While Republicans are understandably focused on trying to determine which officials were involved and at what level they corrupted procedures, the astonishing breadth of this scandal should prompt Trump to demand a review of the whole FISA warrant process. At one point in 2016, government officials under the Obama administration were requesting judges to unmask targets on a near-daily basis under the name of United Nations Ambassador Samantha Power without her knowledge.

Nor is this the first time we have learned of the government using the secrecy of the FISA courts for nefarious activity. In 2013, Edward Snowden revealed that the government was involved in the mass surveillance of Americans’ phone calls and emails, collected ‘incidentally’ or ‘inadvertently’ under Section 702 of the FISA Amendments Act (FAA,) which only authorizes targeting non-citizens overseas. President Obama and his intelligence team claimed that the mass collection had been approved by the Foreign Intelligence Surveillance Court.

The FISA court process is unlike any other in this country. It calls for the government’s attorney to appear alone in secret before a specially designated judge in Washington, D.C. Instead of the typical adversarial process of the court room where parties battle over contested facts. The FISA courts allow for only limited scrutiny of the government’s assertions, because the judge only hears from the government. Court proceedings are closed and the court’s decisions are classified, and most of the people targeted receive no notice of the surveillance, even after it has ended.
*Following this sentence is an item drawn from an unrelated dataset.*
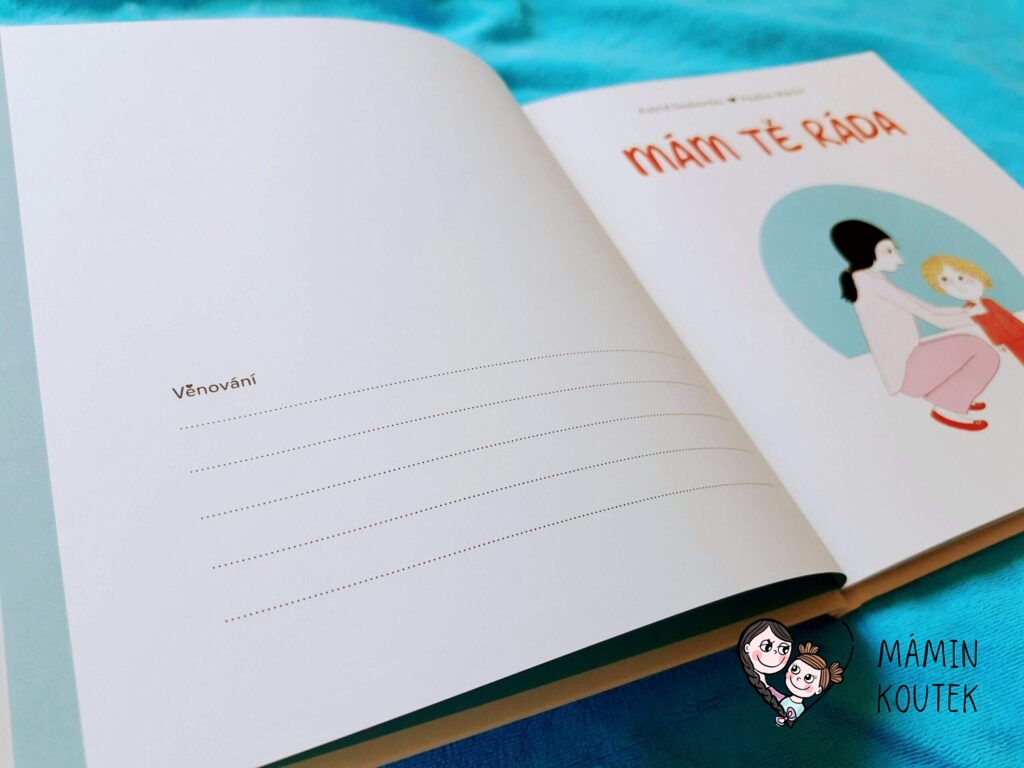 V úvodu knihy je místo na věnování. Normálně do knížek něco takového nepíšu a ani to nepovažuji za důležité. Ale u této knížky ho zcela chápu. Knihou totiž může máma vyjádřit, že má dítě ráda, takže se úplně hodí tam vepsat komu konkrétně je kniha (a pocity) určeny. Naštěstí je zde spousta řádků, tak můžete doplnit klidně i všechny vaše děti.

Needless to say, such a purposefully opaque process is ripe for corruption.

Moreover, this process has been corrupt for many years. Government officials develop ‘a pretext to wiretap a foreigner or a target in contact with’ an American citizen they want to monitor and then ‘incidentally’ capture ‘the citizen’s information, too. Later, [they build] a case for ‘unmasking’ the US citizen’s name, supposedly for national security or other crucial reasons,’ writes journalist Sharyl Attkisson. Wiretaps today can include everything on the web from messages, to emails, bank accounts, photos, and social media, while incidental collection can include ‘anything picked up when a target is watched directly, through a bug, or by secretly activating his computer’s microphone and camera… Here’s the best part — for the bad actors. The US citizens are usually none the wiser. The surveillance isn’t intended to build a criminal case; it’s to collect dirt or political intel or blackmail material. So the corrupt process is never scrutinized in a US court.’

It’s easy to see how a process almost entirely lacking in public scrutiny or jurisprudence would become corrupt. Americans — and President Trump — should immediately demand an end to their government’s spying.